Please transcribe every entry below exactly, without including the pictures.

_____

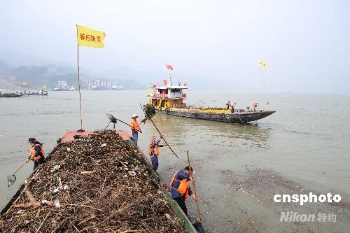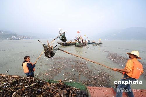 10月7日,由湖北秭歸環(huán)保局組織的清漂隊(duì)在三峽大壩上游西陵峽水域開展清漂作業(yè)。當(dāng)日,為保障蓄水期間長江航道安全和三峽電站正常發(fā)電,沿江各地緊急投入人力物力,啟動(dòng)大規(guī)模清漂行動(dòng)。中新社發(fā) 林中樹 攝
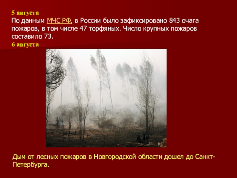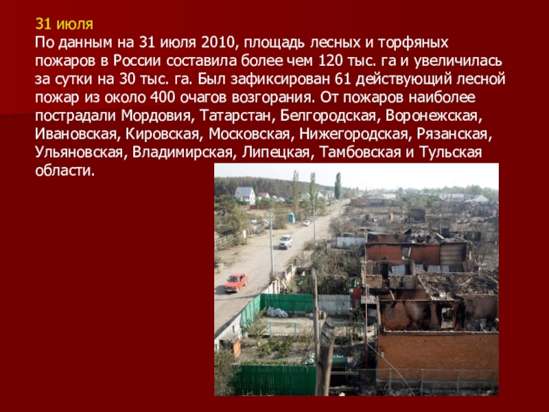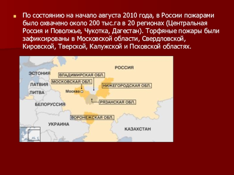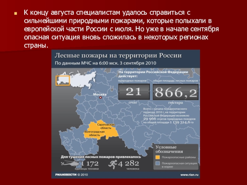 Слайд 3По состоянию на начало августа 2010 года, в России пожарами было
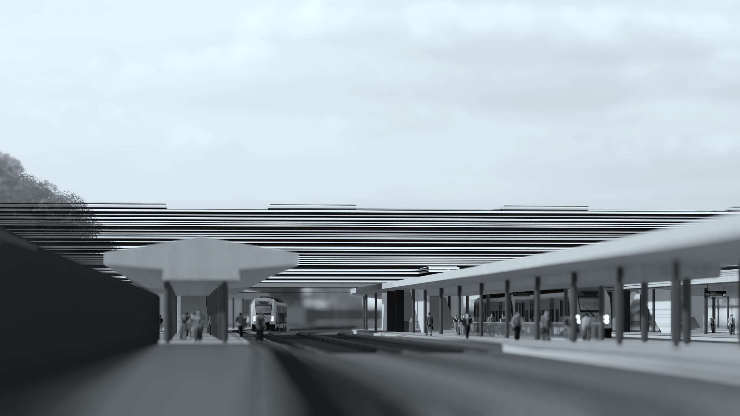The station’s program here is limited to ticket vending machines, ATMs, information and toilets on the ground floor and waiting room with a point for serving drinks and sanitary facilities. Communication between levels is facilitated by escalator and elevator. Additional elevators allowing for the disabled access to internal platforms are designed on the intersection of the arcade and stairs.
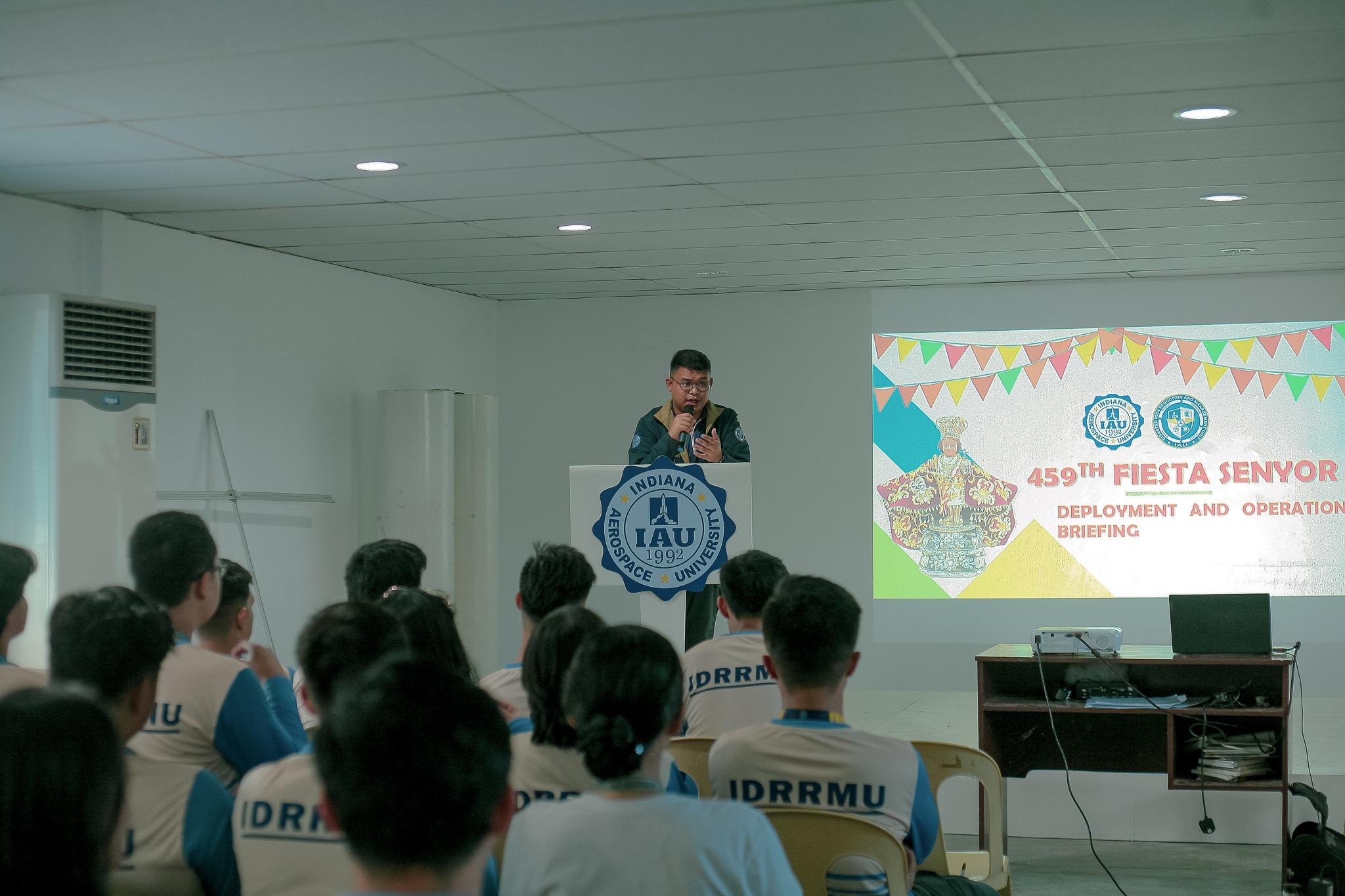 On January 10, 2024, IAUDRRMU conducted a Deployment Briefing & Send-Off Activity at the Aerospacers’ Hall, attended by all members rendering duty for the Sinulog-related activities.
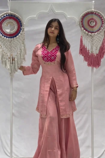 LENGTH : 37-38 INCHSKU: 78775-5 - FANCY CHINON MULTI EMBROIDERY WORK TOP PALAZZO SET BABY PINK ₹999.00
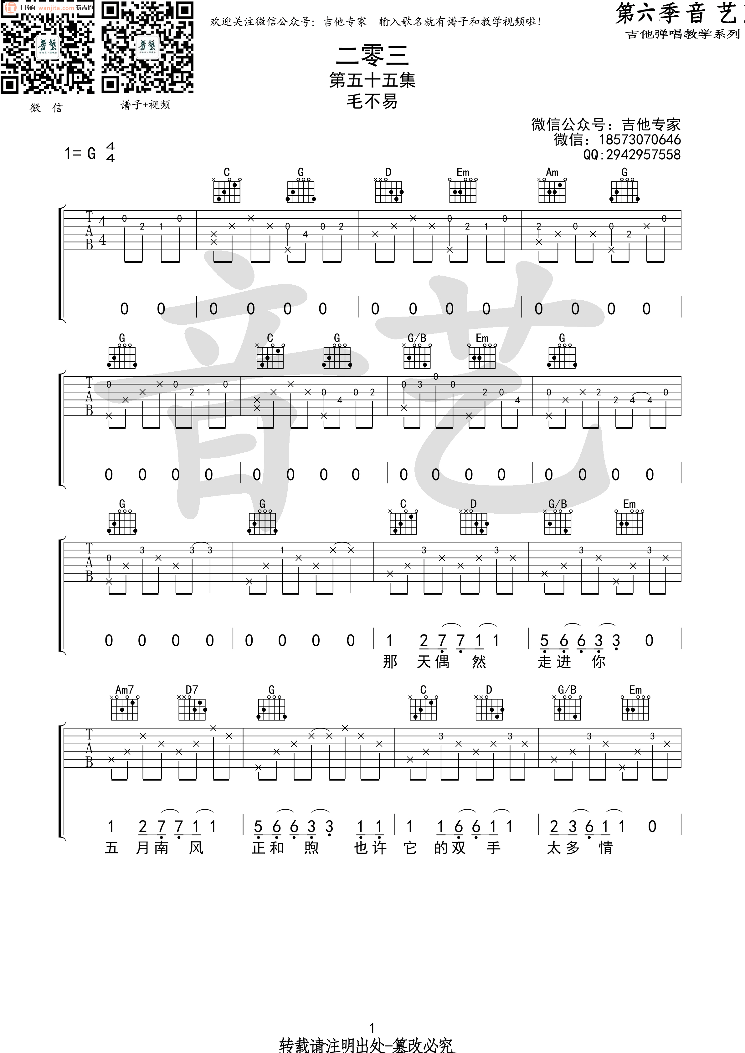 曲谱介绍: 毛不易《二零三》吉他弹唱谱,采用G调指法编配,共有3张高清图谱。
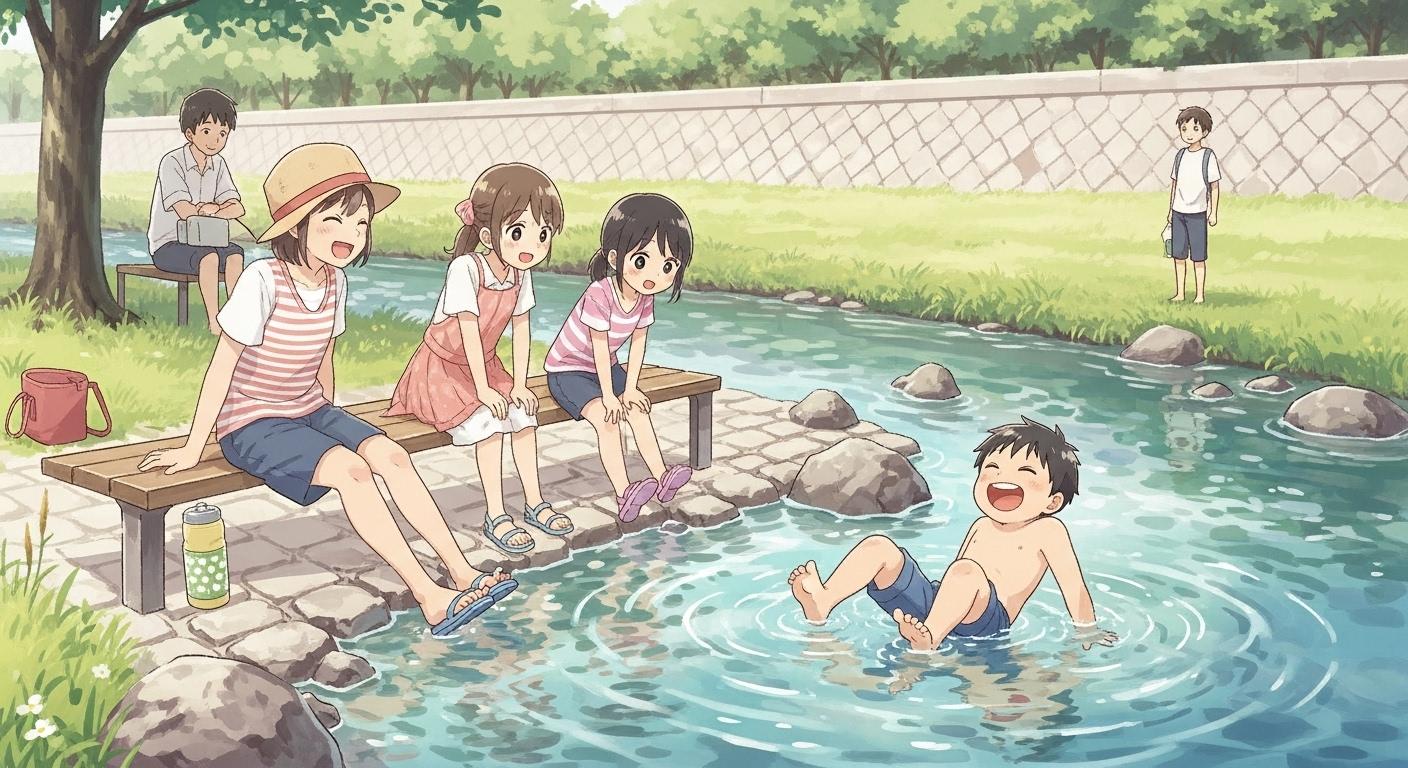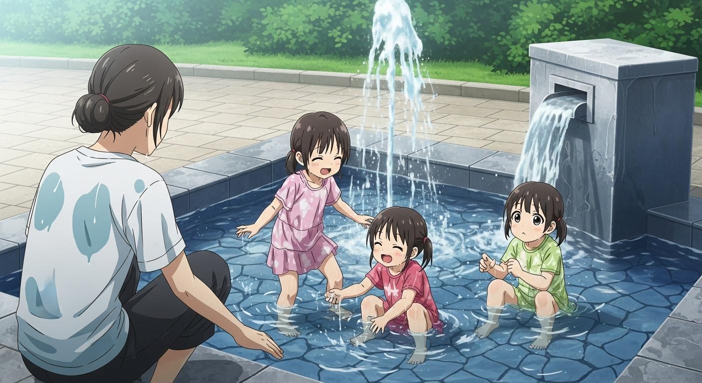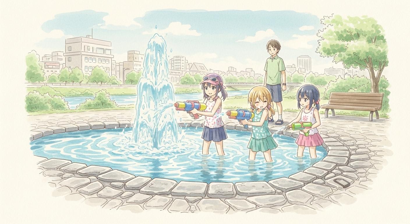 (なつの ひざしが、きらきらと ふりそそぐ、まちの こうえん。いしだたみの ちいさな みずあそびばには、ふんすいが、シュワシュワと おとを たてて、そらへと みずを ふきあげて いろあざやかな こうけいが ひろがります。)
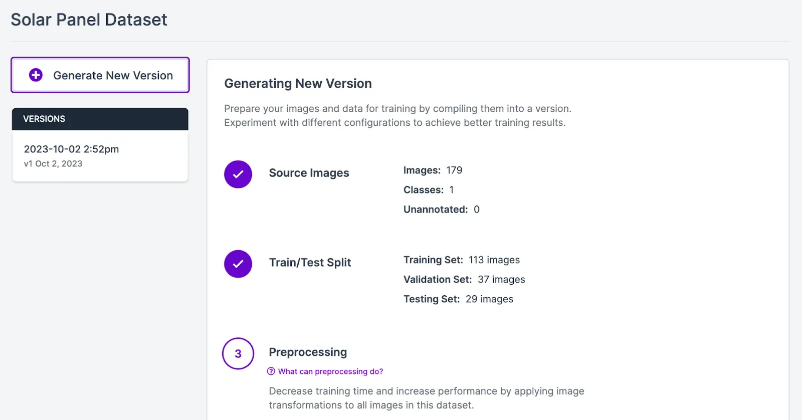 Once you have labeled your data, click “Versions” in the sidebar of the Roboflow product to generate a project version. Here, you can preprocess your data and apply augmentations. Learn more about preprocessing and augmentation best practices.
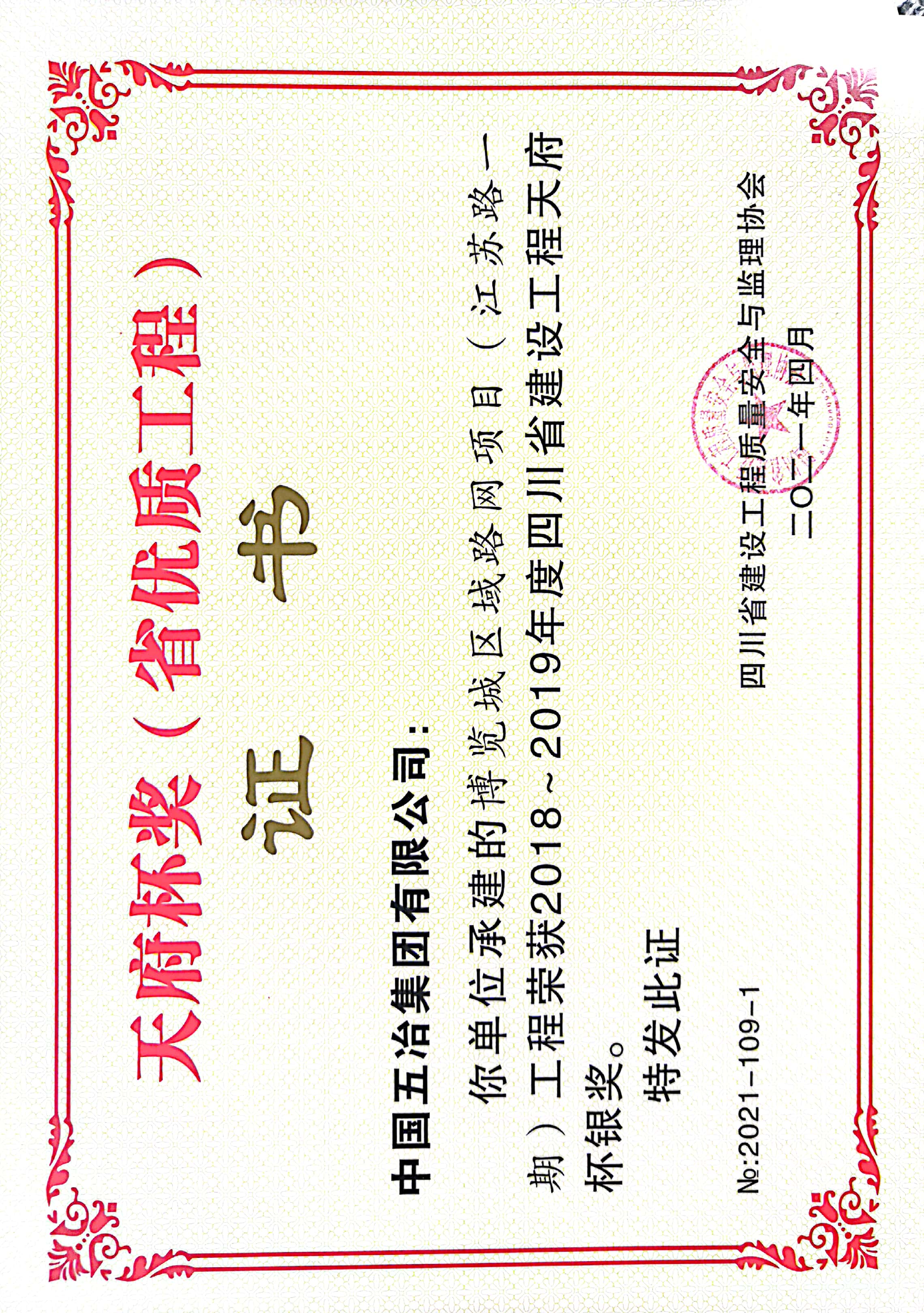 博覽城區域路網項目(江蘇路一期)-2018~2019年度四川省建設工程天府杯銀獎
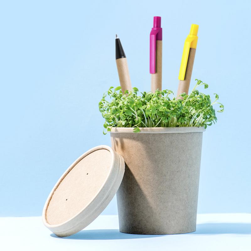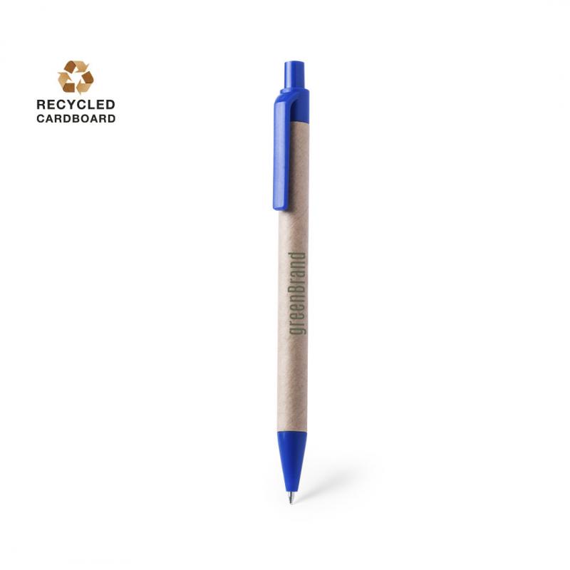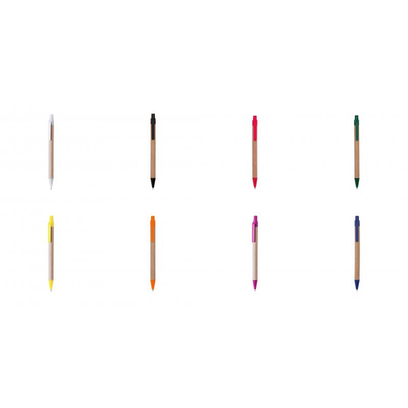 Bolígrafo de mecanismo pulsador en original combinación de cuerpo en cartón reciclado de color natural y accesorios en vivos colores. Tinta azul.
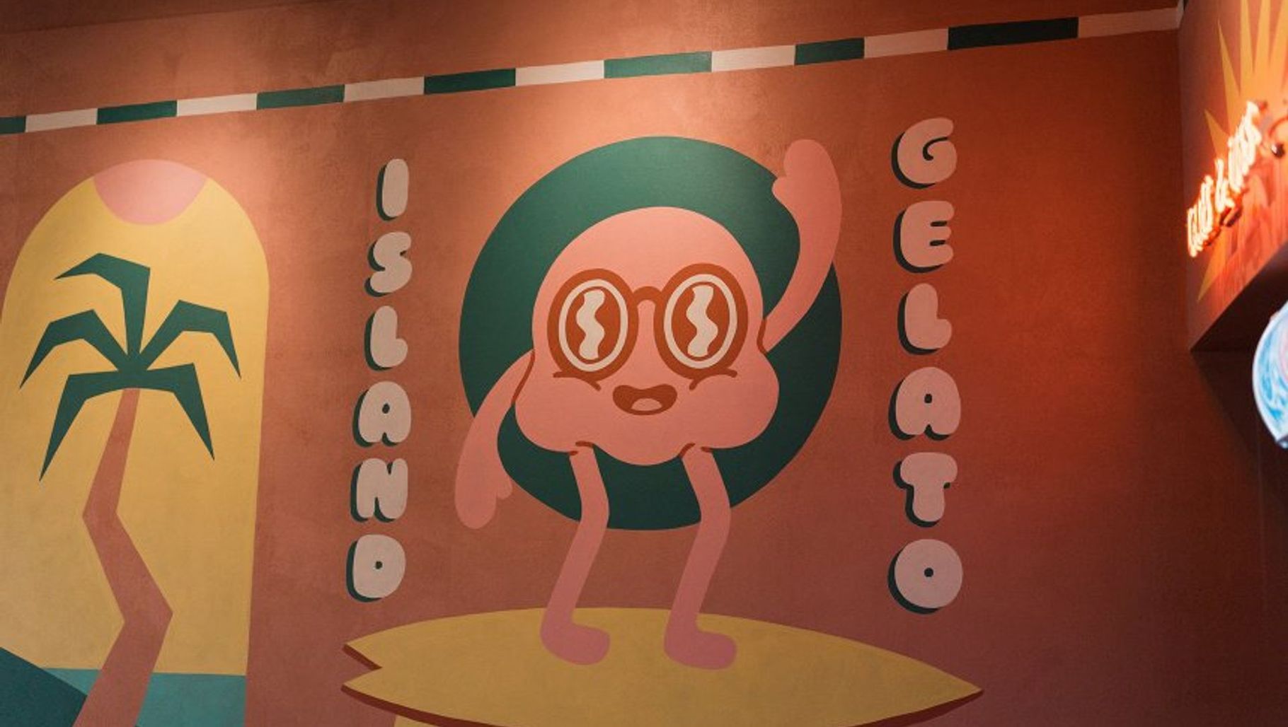 ArchiPro Project Summary - Island Gelato features modern art and graphic design in Mission Bay, creating a vibrant atmosphere for gelato lovers.
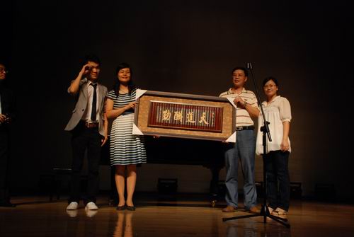 晚会的特邀神秘嘉宾李于昆副院长为大家献上了精彩的笛子演奏《步步高》。随后,毕业生送给学院的书法牌匾“天道酬勤”,车书记上台接受匾额。在同学们的衷心要求下,车小真书记为毕业生们演唱了《隐形的翅膀》这一首歌,这把现场的气氛带入了高潮。
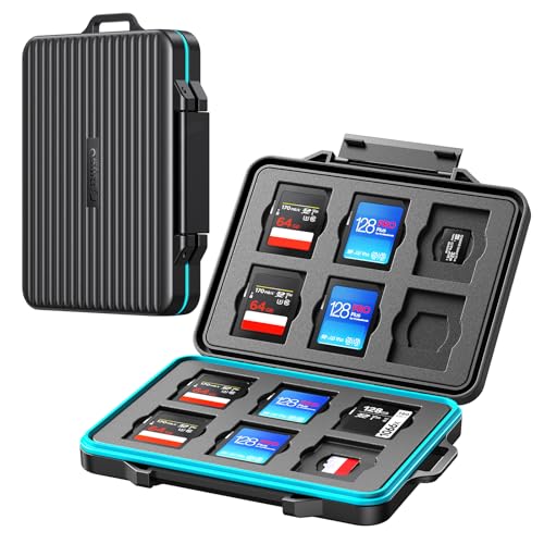 ORICO Minneskort skyddsfodral SD-minneskort fodral för 12 SD och 12 TF-kort, minneskortfodral vattentätt och dammsäkert med karbinhakar och klistermärken (PHCD-3)

_____

## Response below
 10月7日,由湖北秭歸環(huán)保局組織的清漂隊(duì)在三峽大壩上游西陵峽水域開展清漂作業(yè)。當(dāng)日,為保障蓄水期間長江航道安全和三峽電站正常發(fā)電,沿江各地緊急投入人力物力,啟動(dòng)大規(guī)模清漂行動(dòng)。中新社發(fā) 林中樹 攝
 Слайд 3По состоянию на начало августа 2010 года, в России пожарами было
The station’s program here is limited to ticket vending machines, ATMs, information and toilets on the ground floor and waiting room with a point for serving drinks and sanitary facilities. Communication between levels is facilitated by escalator and elevator. Additional elevators allowing for the disabled access to internal platforms are designed on the intersection of the arcade and stairs.
 On January 10, 2024, IAUDRRMU conducted a Deployment Briefing & Send-Off Activity at the Aerospacers’ Hall, attended by all members rendering duty for the Sinulog-related activities.
 LENGTH : 37-38 INCHSKU: 78775-5 - FANCY CHINON MULTI EMBROIDERY WORK TOP PALAZZO SET BABY PINK ₹999.00
 曲谱介绍: 毛不易《二零三》吉他弹唱谱,采用G调指法编配,共有3张高清图谱。
 (なつの ひざしが、きらきらと ふりそそぐ、まちの こうえん。いしだたみの ちいさな みずあそびばには、ふんすいが、シュワシュワと おとを たてて、そらへと みずを ふきあげて いろあざやかな こうけいが ひろがります。)
 Once you have labeled your data, click “Versions” in the sidebar of the Roboflow product to generate a project version. Here, you can preprocess your data and apply augmentations. Learn more about preprocessing and augmentation best practices.
 博覽城區域路網項目(江蘇路一期)-2018~2019年度四川省建設工程天府杯銀獎
 Bolígrafo de mecanismo pulsador en original combinación de cuerpo en cartón reciclado de color natural y accesorios en vivos colores. Tinta azul.
 ArchiPro Project Summary - Island Gelato features modern art and graphic design in Mission Bay, creating a vibrant atmosphere for gelato lovers.
 晚会的特邀神秘嘉宾李于昆副院长为大家献上了精彩的笛子演奏《步步高》。随后,毕业生送给学院的书法牌匾“天道酬勤”,车书记上台接受匾额。在同学们的衷心要求下,车小真书记为毕业生们演唱了《隐形的翅膀》这一首歌,这把现场的气氛带入了高潮。
 ORICO Minneskort skyddsfodral SD-minneskort fodral för 12 SD och 12 TF-kort, minneskortfodral vattentätt och dammsäkert med karbinhakar och klistermärken (PHCD-3)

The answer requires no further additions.